Dean smiled briefly, an expression laced with irony. "And I thought I was the paranoid one."

"Extra caution quite often saves our asses," Alex pointed out. "I don't like it, Dean. Maybe angels are okay dudes deep down, but whoever's giving orders… well, so far the orders have been a bunch of crap. Do we really wanna be running around in plain sight? We don't even know what we're up against."

"Maybe not, but that wasn't your call to make," Dean said tersely, then sighed heavily. "I'm not as ready to decide angels are the bag guys as you are. Not yet." He shook a few contents out of the hex bag, leaving some inside. "Let's roll the dice and see where we land." He handed her the half-empty hex. "You keep this stuff, I'll keep the rest. If we need it, we'll use it. But not any sooner."

Alex wasn't exactly happy, but she accepted the bag. "I never said I thought angels were the bad guys."

Dean just gave her an all-knowing look.


Sam left Mr. Wyatt's classroom, glad he'd taken the time to visit his old teacher. The halls were deserted, and his footsteps echoed in the empty space. He rounded the corner, then did a double take, stopping short. A tall, dark-haired woman waited there, leaned up against the lockers.

"Ruby! How the hell… what are you doing here?"

"Doesn't matter." She folded her arms, coming to meet him. "Why are you avoiding me?"

Sam scoffed defensively. "I'm not avoiding you."

Ruby stepped closer, voice lowering. "Have you thought about what I told you?"

Sam's tongue darted out between his lips nervously and his voice lowered, too. "I'm not doing that anymore."

Ruby's dark eyes held his and her lips curved upwards in a smile. "You keep telling yourself that, Sam." Her eyes went to his lips, and her expression took on a sultry quality. "I know you want to." She touched his arms gently, leaned in a little closer, her voice dropping to a whisper, her eyes capturing his. "It's all you think about, Sam. You can't wait to have another taste."

Sam pulled away, grimacing. His heart was hammering fast, from a mixture of fear, revulsion, and worst of all, desire. Ruby chuckled, as if his behavior were cute. "Stop fighting it Sam. It's not gonna go away." She again came close, pressing her body against his. He let her, even though he squeezed his eyes shut for a couple seconds. "When you're ready… you know where to find me."

She walked a few steps away, then paused, turning to look back. She sounded suddenly soft. "It must be so hard for you, being the odd one out."

Sam narrowed his eyes. "What are you talking about?"

Ruby came back a couple steps. "Your brother and sister… they see you as a freak. An outsider. The one with the demon blood." She looked at him openly. "I accept you, Sam. And soon you'll see how much I really mean that."

Sam's jaw twitched. "My family is none of your business."

"Sure," Ruby said, her coy smile not faltering even for a second. "I'll be seeing you, Sammy."

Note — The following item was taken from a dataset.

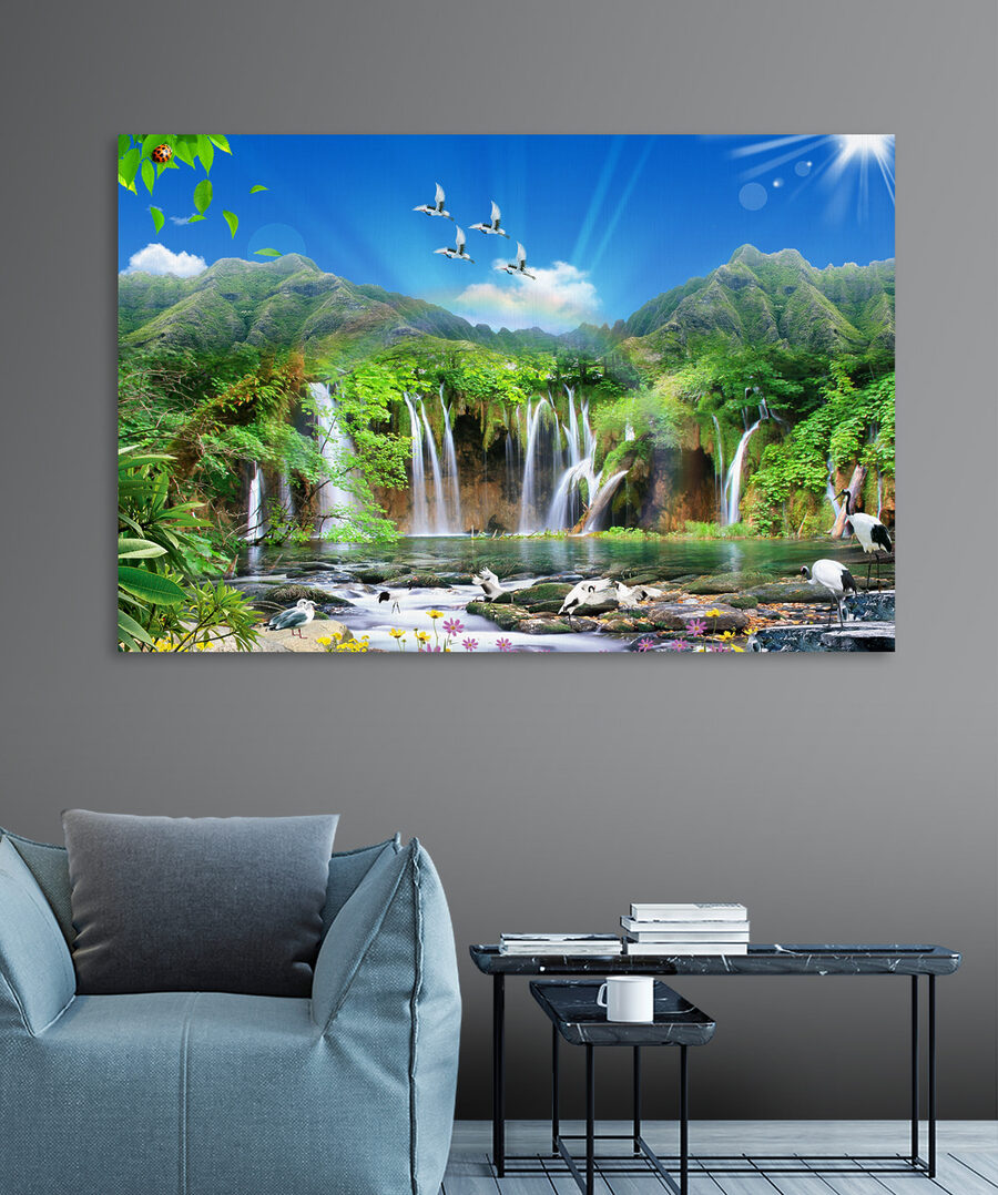 Imaginați-vă acest lucru: ați avut o zi lungă și intrați în camera dvs. pentru a vedea această imprimare uimitoare pe pânză, “Serene Waterfalls and Soaring Birds”. Este ca și cum ai păși într-un paradis secret, chiar pe peretele tău. Vegetația luxuriantă, cascadele blânde care coboară în cascadă – este suficient să te facă să simți o briză răcoroasă doar privind-o. Și păsările alea în zbor? Adaugă o atmosferă atât de liniștită. Perfectă pentru sufragerie sau dormitor, această pictură murală reușește să facă orice spațiu să se simtă ca un refugiu liniștit. Nu este doar decor; este o mică felie de natură de care te poți bucura în fiecare zi. 🌿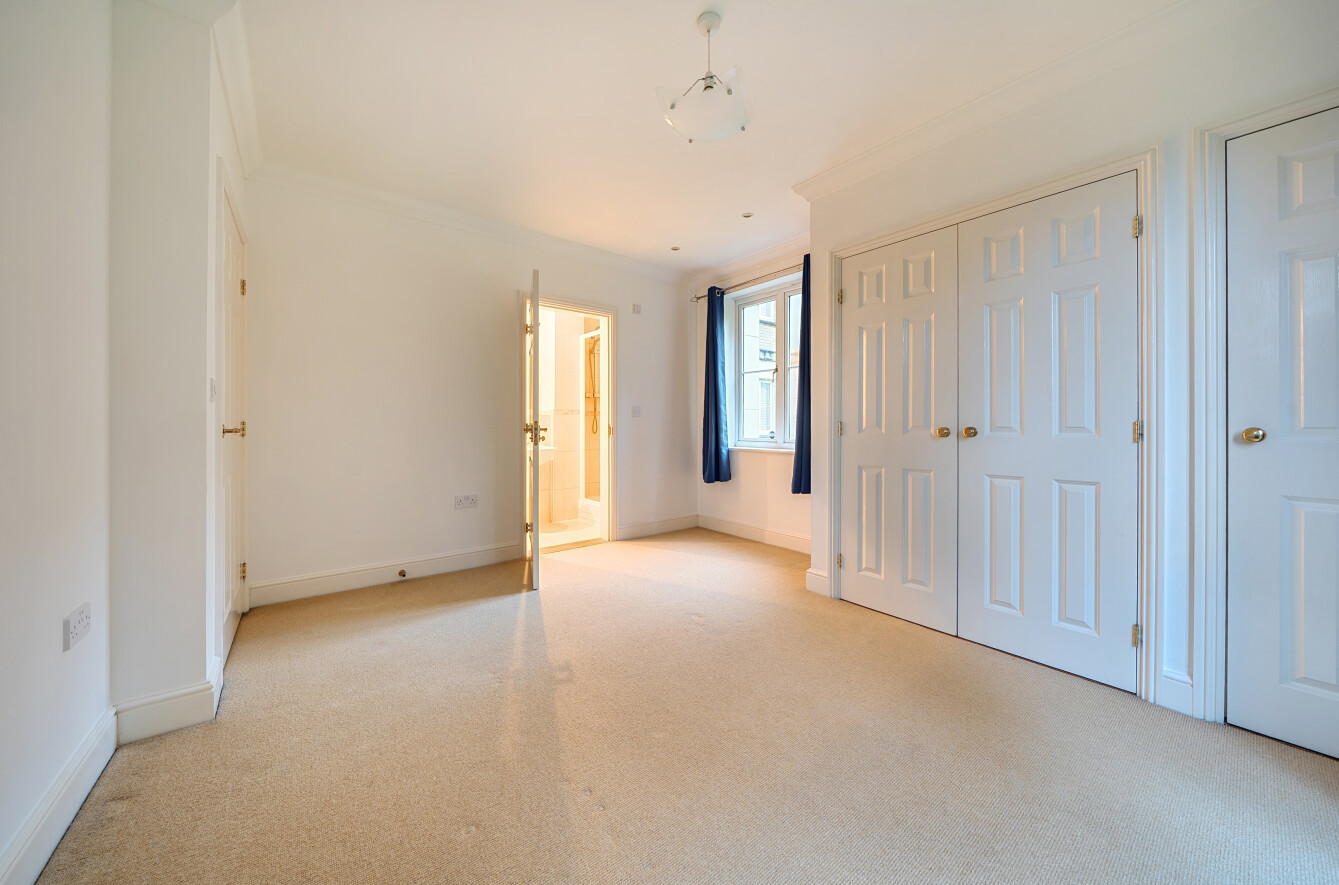 Positioned to the left are two generously proportioned bedrooms, both benefiting from fitted storage. The principal bedroom further enjoys a stylish Juliette balcony and the convenience of a modern en-suite shower room, featuring a corner enclosure, semi-pedestal wash hand basin, and concealed-cistern WC.

And she turned and walked away. Sam watched her go, then looked through the nearby glass door where he could make out the Impala, his siblings waiting for him inside of it. He listened to the sound of Ruby's footsteps fading out, realizing how true the demon's words rang. He didn't fully belong where he currently was, no matter how much he tried. He felt less and less able to be himself with Dean and Alex, and more and more desperate to do something about this disease inside himself. Every day, all day, he thought about demon blood and the abilities it gave him, the rush of pleasure and confidence. The purpose. Dean and Alex didn't appreciate the way it enabled him to save people, and it made him feel like he should be ashamed of himself. So, for now, he was pretending he wasn't wrestling day in and day out with the affliction he'd found himself with. The power.

It was lonely. Because on the outside, he was Sam, but on the inside, he wasn't sure who he was anymore. He was stuck in the middle, unsure of where to turn. But the call kept coming, coaxing him to follow this path wherever it would go. No matter how sinister, or unknown, or dangerous...

Sam clenched his jaw tighter, willing his thoughts to stop so that he could focus on the moment at hand. With a long stride and deep breath, he went back to his waiting brother and sister. But the thoughts followed, eroding him slowly.